* _ABOUT THIS TASK_
Print the listing from its top line through the line containing "Figure 1: a, b: The", nothing more, and leave out the pictures.

★ ★ ★ ★

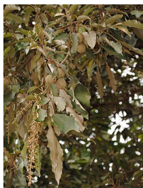
46 Croton megalocarpus EUPHORBIACEAE
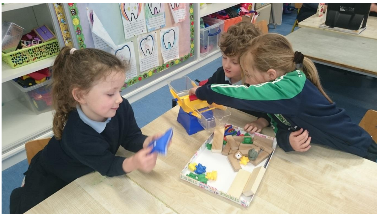
Fun weighing and balancing different objects
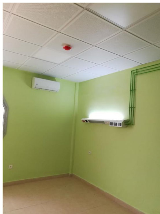
Outpatient Surgery Consultation Service handed over to HGD on 11 December 2017
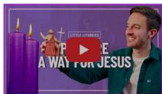
Little Liturgies (ages 4-8)

Click on the images below to watch the videos.
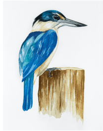
Kingfisher - Kōtare
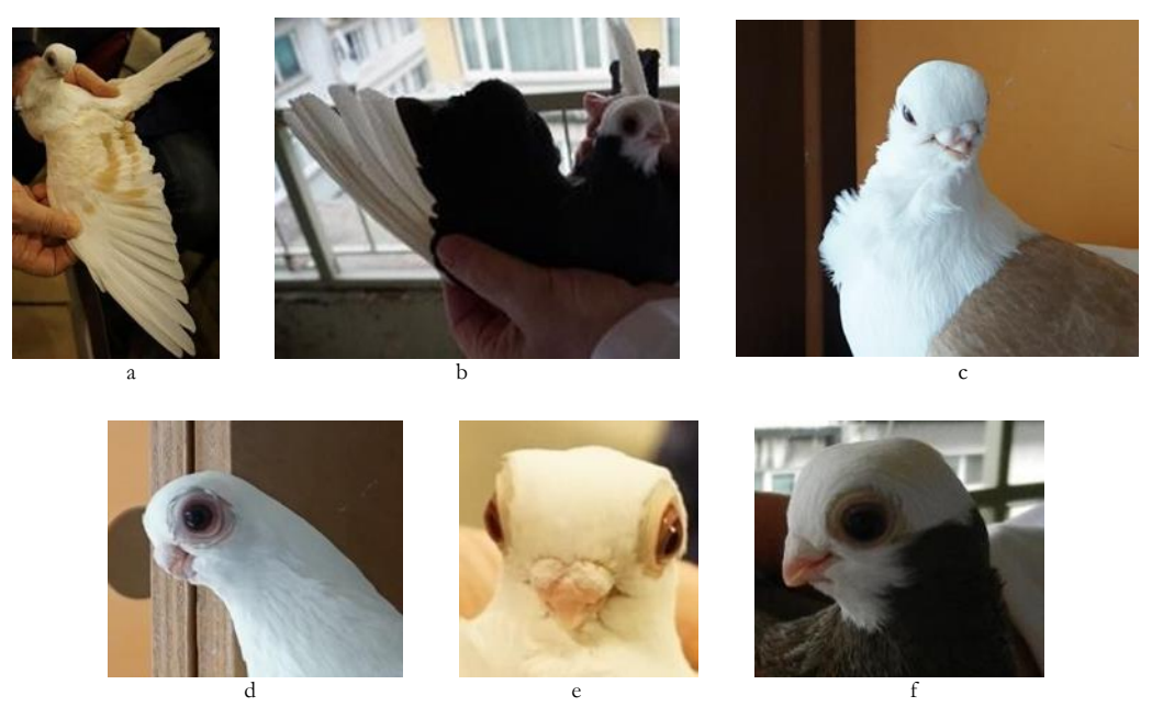
Figure 1: a, b: The appearance of white feathers on the wings of Mısıri and Baska pigeons, c: Frill structure on chest in Mısıri pigeon, d, e and f: Eye cere and nasal cere in Bango, Mısıri and Baska pigeons, respectively.

Chickpea*: Plumage colour is <u>blue</u> and tip of wing primaries are covered with light gray bars Lemon-yellow**: Feather colour is light yellow and tip of wing primaries are covered with dark
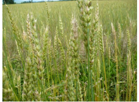
Image 5. Wheat with Fusarium Head Blight
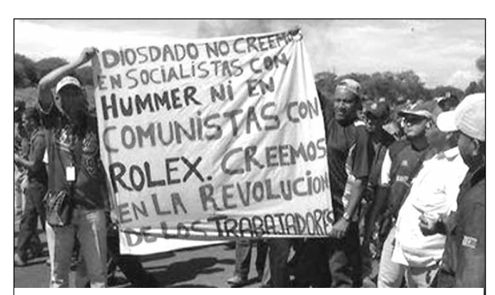
Venezuela 2014: Sidor workers on strike "We don't believe in socialists on Hummer, neither in communists with Rolex, we believe in the worker's revolution"

While the masses eat from the trash and millions run away from Venezuela, the bourgeois gangs of im-
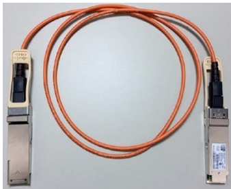
Figure 4. Cisco 40G QSFP active optics cables

Cisco QSFP to QSFP copper direct-attach 40GBASE-CR4 cables (Figure 5) are suitable for very short distances and offer a flexible way to connect within racks and across adjacent racks. Active optical cables are much thinner and lighter than copper cables, which makes cabling easier. Active optical cables enable efficient system airflow and have no EMI issues, which is critical in high-density racks. Cisco currently offers active optical cables in lengths of 1, 2, 3, 5, 7, 10, 15, 20, 25 and 30 meters.
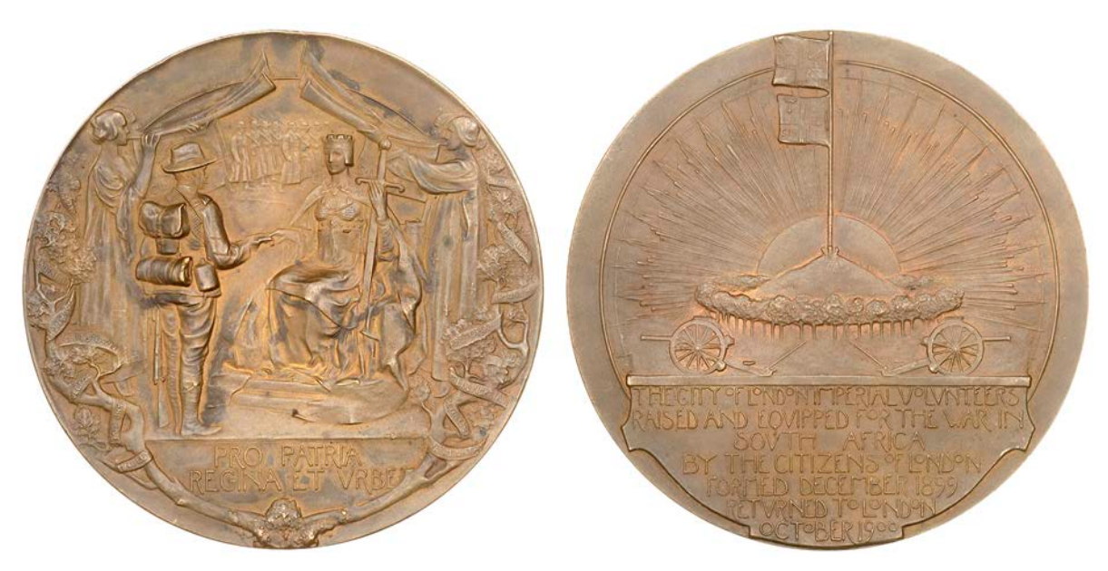
428 City of London Imperial Volunteers , 1900, a bronze medal by Sir George Frampton for the Corporation of the City of London, similar, 76mm (BHM 3684; E 1848). Extremely fine £120-£150

429 Edward VII, Coronation , 1902, a silver medal by G.W. de Saulles, 31mm (BHM 3737); together with other bronze medals (2), and a Dundee silver Shilling token [4]. Very fine or better, one cleaned
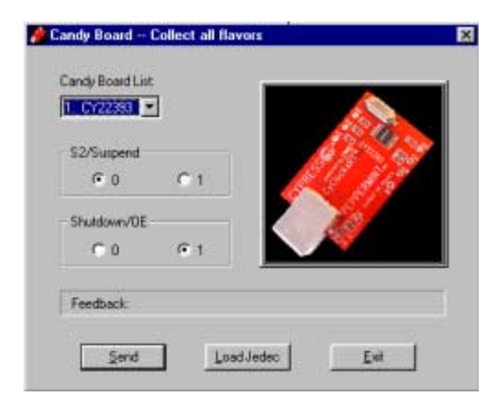
Figure 1. Candy Board Set-up Window

Windows is a trademark of Microsoft Corporation. CYClocksRT™ is a trademark of Cypress Semiconductor Corporation. All product and company names mentioned in this document are the trademarks of their respective holders.
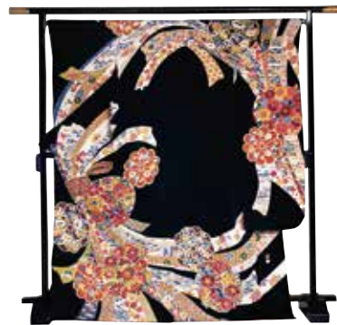
Kaga Yuzen Kimono

government, forcing it underground until an official license was granted in 1845. Today, Kanazawa accounts for 99% of the gold leaf produced in Japan, although much of the raw material is now imported. While the Maeda family
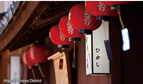
Higashi Chaya District
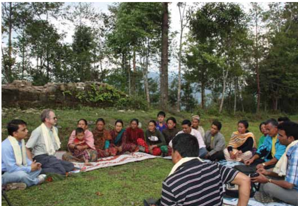
An Estee Lauder representative holds a consultation with a Dolakha community in Nepal.
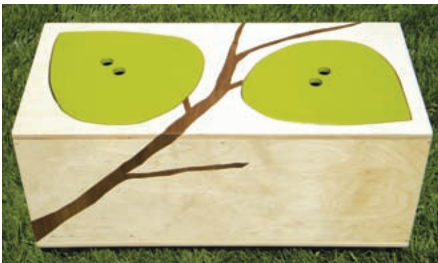
Mod Mom Furniture Owyn Toy Box, $495, designpublic.com
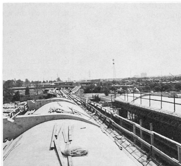
Fig. 5 Upper tier canopy after concreting
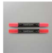
Poppy Parade Stampin' Blends Combo Pack - 154958
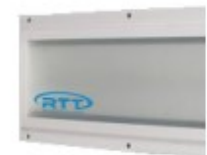
Industry-leading LED lighting
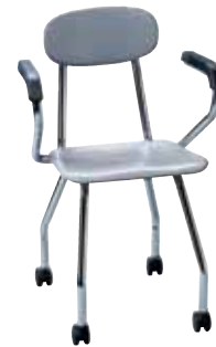
Series TC with arms

★ ★ ★ ★

* _RESPONSE TO THIS EXERCISE_
46 Croton megalocarpus EUPHORBIACEAE
Fun weighing and balancing different objects
Outpatient Surgery Consultation Service handed over to HGD on 11 December 2017
Little Liturgies (ages 4-8)

Click on the images below to watch the videos.
Kingfisher - Kōtare
Figure 1: a, b: The appearance of white feathers on the wings of Mısıri and Baska pigeons, c: Frill structure on chest in Mısıri pigeon, d, e and f: Eye cere and nasal cere in Bango, Mısıri and Baska pigeons, respectively.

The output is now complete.